For this reason, bioinformaticians developed algorithms for local alignment, a similarity metric that rewards similarity without punishing for irrelevant differences. In R, a simple local alignment algorithm is included in Biostring’s pairwiseAlignment function.

localMatches <- true_matches %>%
  mutate(name1 %>%
    sapply(function(n)
      pairwiseAlignment(names2, n, type="local", scoreOnly=T) %>% which.max) %>%
    names2[.])
localMatches %>% summarize(score=mean(name2==name2.guess))
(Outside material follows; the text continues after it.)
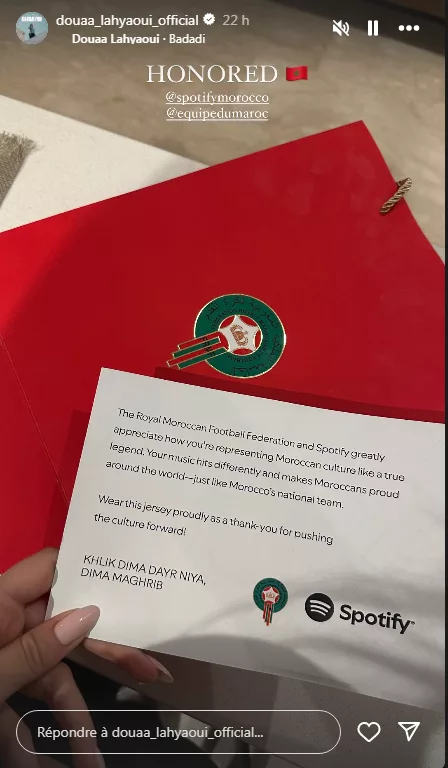 هدية مميزة من المنتخب المغربي تتلقاها الفنانة دعاء اليحياوي
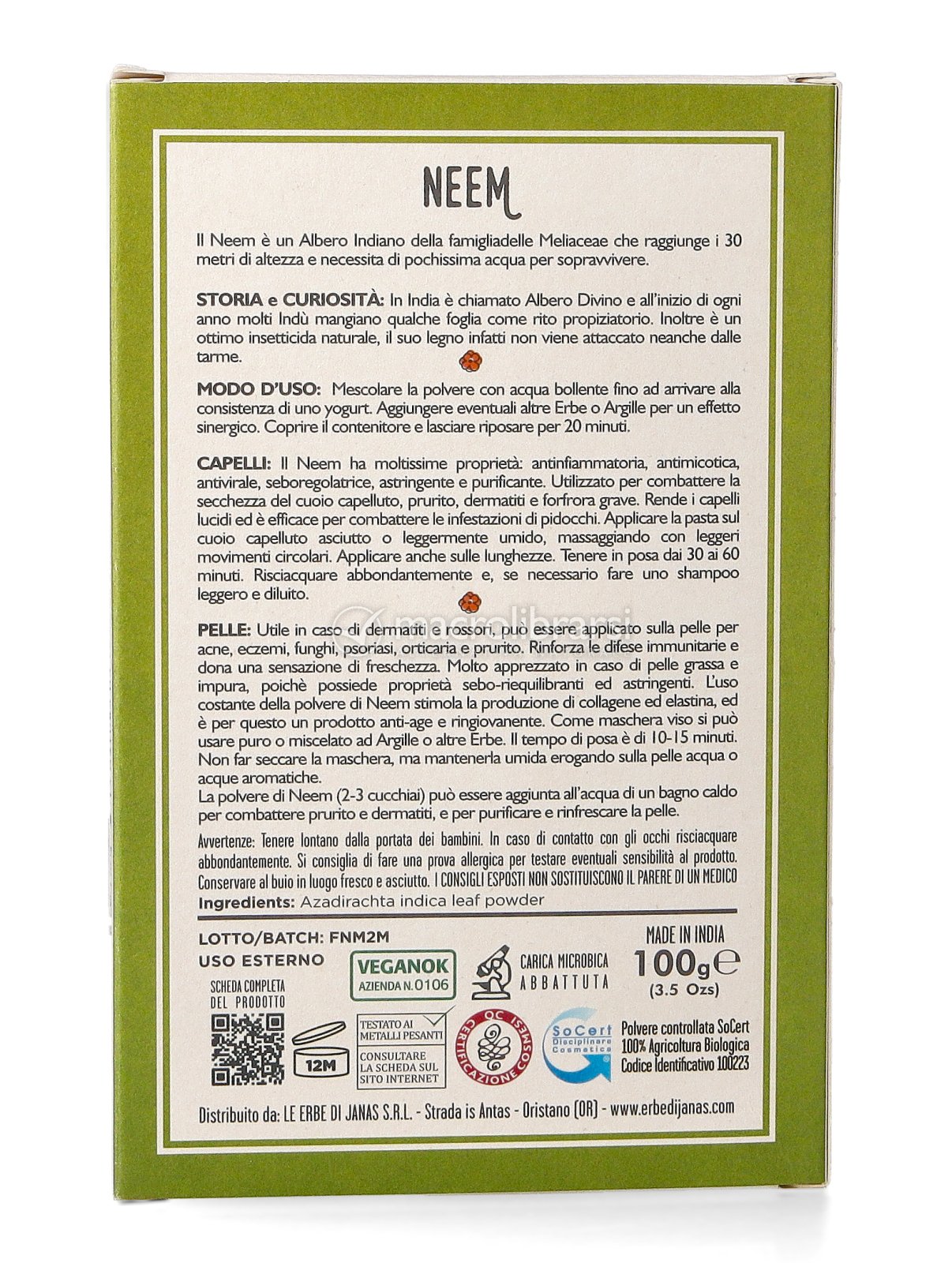 Le Erbe di Janas sono una garanzia. Ottimo prodotto. La polvere di Neem è molto apprezzata per le sue proprietà purificanti, astringenti e antisettiche. La mia ragazza la utilizza per impacchi e maschere ai capelli e al viso, sia da sola che mischiata ad argilla e altre polveri (come ad esempio Kapoor Kachli e Amla)

The local alignment method guessed 77% of the countries, compared to only 50% countries guessed by the best distance metric. Here are the countries it didn’t guess:

Global Terrorism Database	World Bank	Local alignment’s guess
South Korea	Korea, Rep.	South Asia
Republic of the Congo	Congo, Rep.	Central African Republic
North Korea	Korea, Dem. People’s Rep.	Middle East & North Africa
Democratic Republic of the Congo	Congo, Dem. Rep.	Central African Republic
East Timor	Timor-Leste	East Asia & Pacific (excluding high income)

Every mistake is caused by a lengthy generic qualifier such as South, North, East, or Republic.

Why isn’t local alignment included in the stringdist package? Well, here’s the thing: strictly speaking, it is not a distance. Any distance metric must obey the triangle inequality:

\[d(x,z)\leq d(x,y)+d(y,z).\]

The local alignment score does not satisfy it: the phrase “local alignment” is highly (locally) similar to both “local” and “alignment”, but “local” and “alignment” are not similar at all.

Does this matter? In some applications, perhaps. But for country names matching, it sure looks like local alignment beats any of the “proper” distance metrics.

And yet local alignment didn’t guess everything it could. I experimented briefly with a multi-alignment algorithm, but, at least in this case, it performed only a little bit better.